* MATERIAL FOR THE TASK:
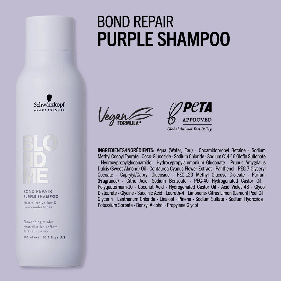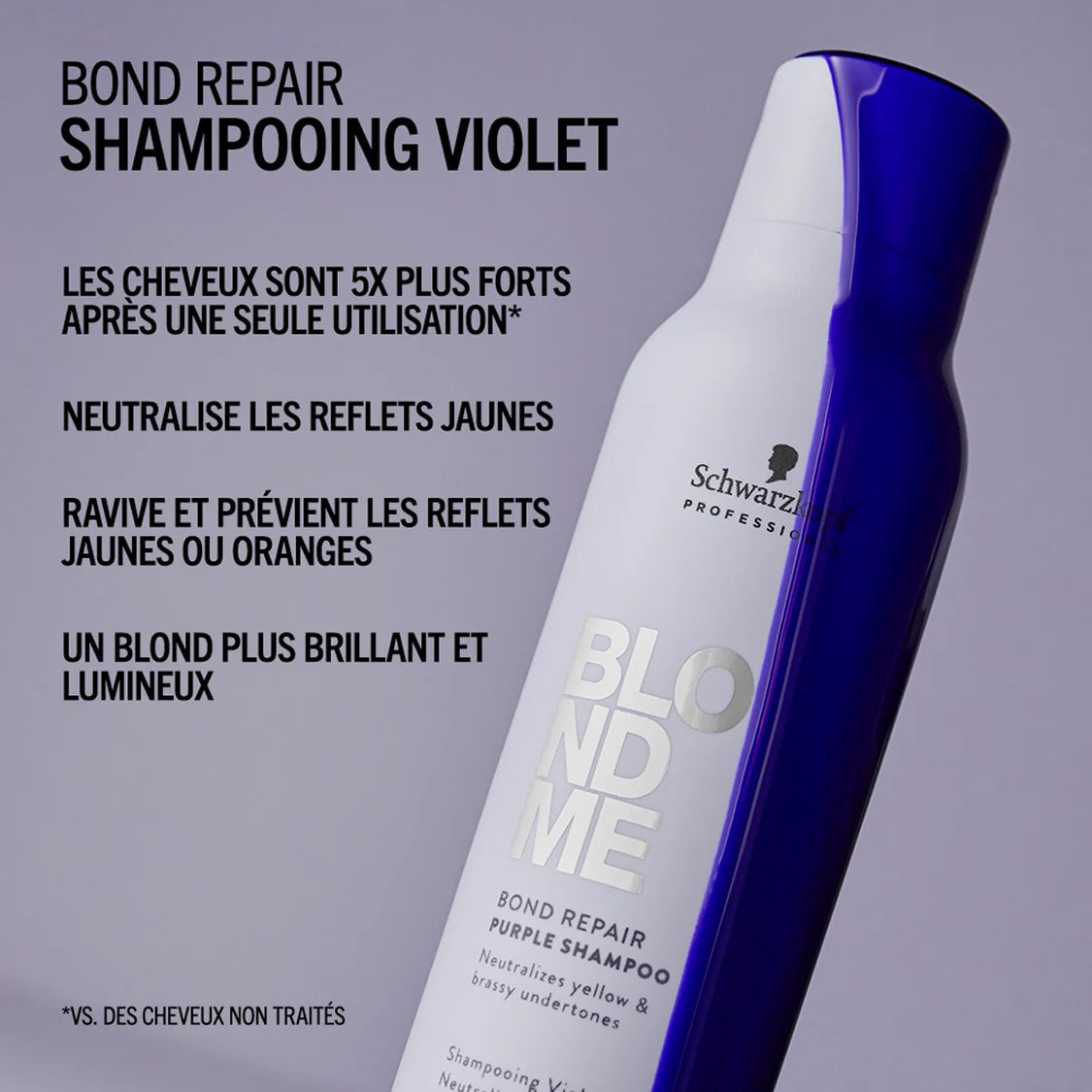 Avec la technologie Bond Repair, le shampoing violet BlondMe neutralise les reflets dorés et aide à réduire les reflets cuivrés, tout en nettoyant et en nourrissant les cheveux en douceur.
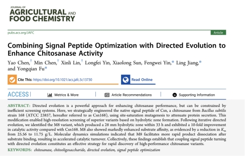 其中,题为“Enhancing Chitosanase Activity via Directed Evolution and Its Molecular Mechanisms”的论文由生命科学学院陈耀博士担任第一作者,台州学院付永前教授、孙小龙博士以及南京工业大学江凌教授为共同通讯作者。另一篇题为“Combining Signal Peptide Optimization with Directed Evolution to Enhance Chitosanase Activity”的论文同样以陈耀博士为第一作者,生物科学专业本科生陈敏和林新力为共同第一作者,台州学院付永前教授、尹丰伟博士以及南京工业大学江凌教授为共同通讯作者。
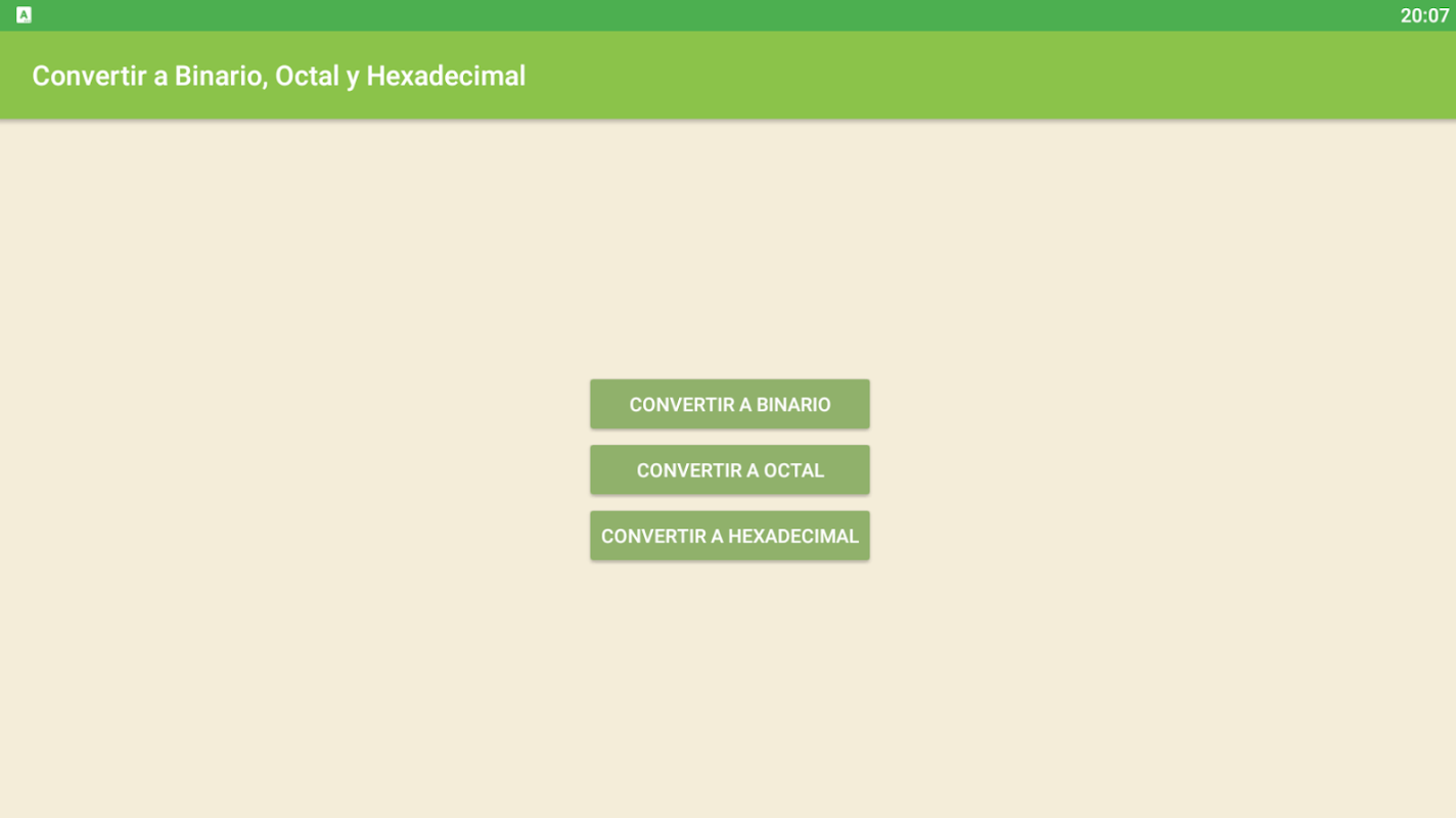 Aplicación para convertir cualquier numero decimal o entero a binario, hexadecimal y octal.
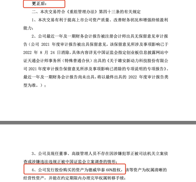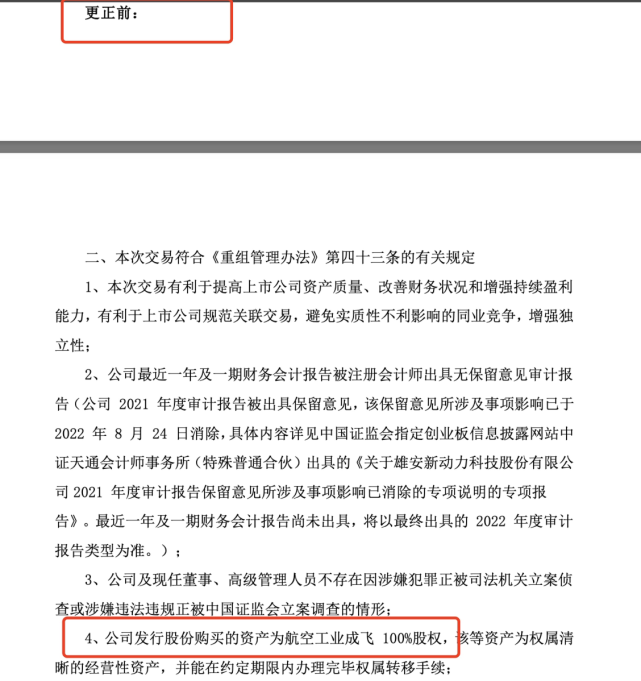 此外,新动力疑似将收购标的名称直接复制照搬。根据更正前的公告,“公司发行股份购买的资产为航空工业成飞100%股权”。然而更正后的内容为“公司发行股份购买的资产为德威华泰60%的股权”。
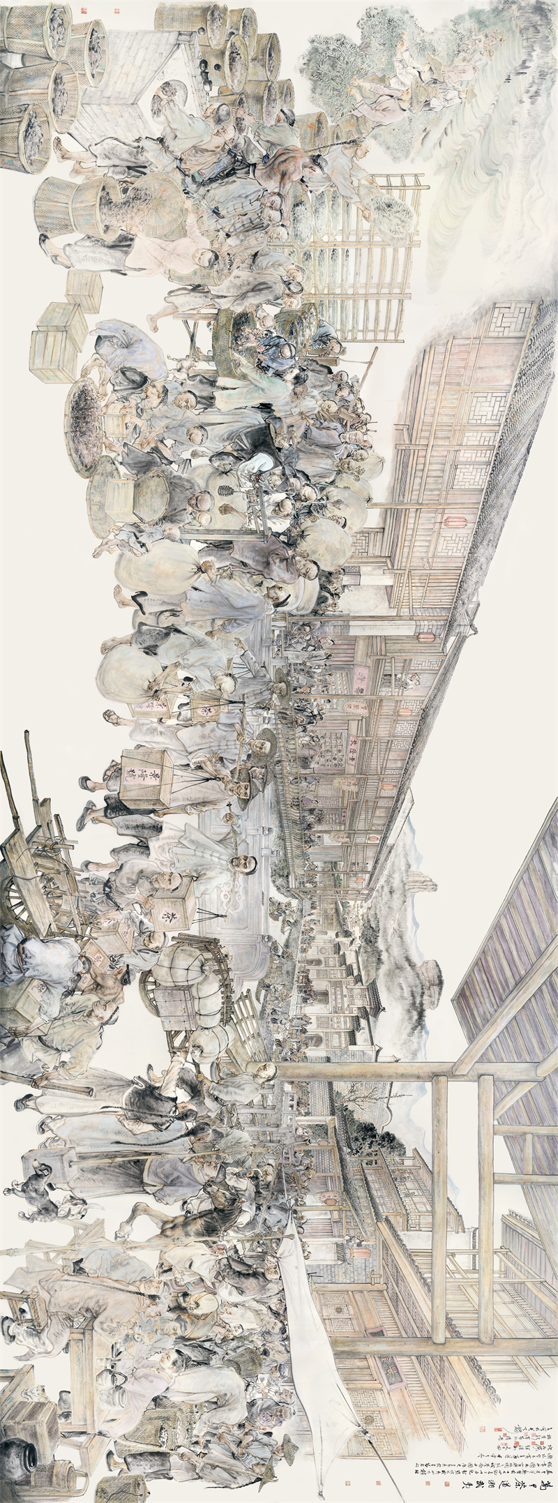 歷史的瞬間終于駐留在這里,飽滿充實又透徹流動。畫面之間人頭攢動,木樓聯排,溪流清澈,牌樓高聳,第一陣強烈的視覺沖擊之后,人們很快會察覺畫面隱含的敘事:從采青、曬青、搖青、炒青等諸多制茶工藝流程到包裝、販賣、肩挑背馱、碼頭與竹筏構成的水系運輸,彎曲的溪流遙遙指向了崇山峻嶺之外的另一個世界。畫家采用古典山水畫的散點透視,不同時空的景象并置于同一個畫面。并置不是僵化的羅列,畫面隱含自上而下、自左而右、自山而水的內在回旋,回旋銜接溪水的流向形成向北而去的開放構圖。所謂的敘事暗示出前后相隨的情節,這是意義重大的啟程——后繼的故事延續了13000公里。人們認得出,這個畫面是武夷下梅村的歷史情景再現。對于畫家說來,一個山坳之間的小村莊形成了強烈的震撼。
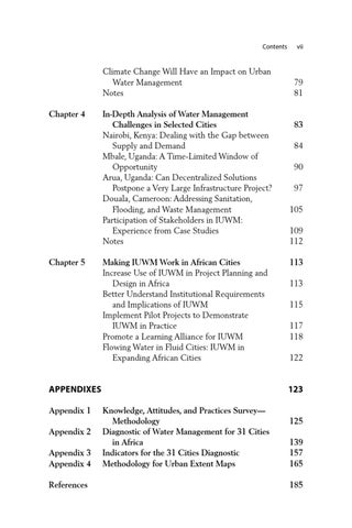 Appendixes Appendix 1 Knowledge, Attitudes, and Practices Survey— Methodology Appendix 2 Diagnostic of Water Management for 31 Cities in Africa Appendix 3 Indicators for the 31 Cities Diagnostic Appendix 4 Methodology for Urban Extent Maps References

* WORK TO BE COMPLETED:
Leave out all pictures and retype precisely the lines that run from the line containing "歷史的瞬間終于駐留在這里,飽" to the last line of the records.

* PROBLEM SOLUTION:
 歷史的瞬間終于駐留在這里,飽滿充實又透徹流動。畫面之間人頭攢動,木樓聯排,溪流清澈,牌樓高聳,第一陣強烈的視覺沖擊之后,人們很快會察覺畫面隱含的敘事:從采青、曬青、搖青、炒青等諸多制茶工藝流程到包裝、販賣、肩挑背馱、碼頭與竹筏構成的水系運輸,彎曲的溪流遙遙指向了崇山峻嶺之外的另一個世界。畫家采用古典山水畫的散點透視,不同時空的景象并置于同一個畫面。并置不是僵化的羅列,畫面隱含自上而下、自左而右、自山而水的內在回旋,回旋銜接溪水的流向形成向北而去的開放構圖。所謂的敘事暗示出前后相隨的情節,這是意義重大的啟程——后繼的故事延續了13000公里。人們認得出,這個畫面是武夷下梅村的歷史情景再現。對于畫家說來,一個山坳之間的小村莊形成了強烈的震撼。
 Appendixes Appendix 1 Knowledge, Attitudes, and Practices Survey— Methodology Appendix 2 Diagnostic of Water Management for 31 Cities in Africa Appendix 3 Indicators for the 31 Cities Diagnostic Appendix 4 Methodology for Urban Extent Maps References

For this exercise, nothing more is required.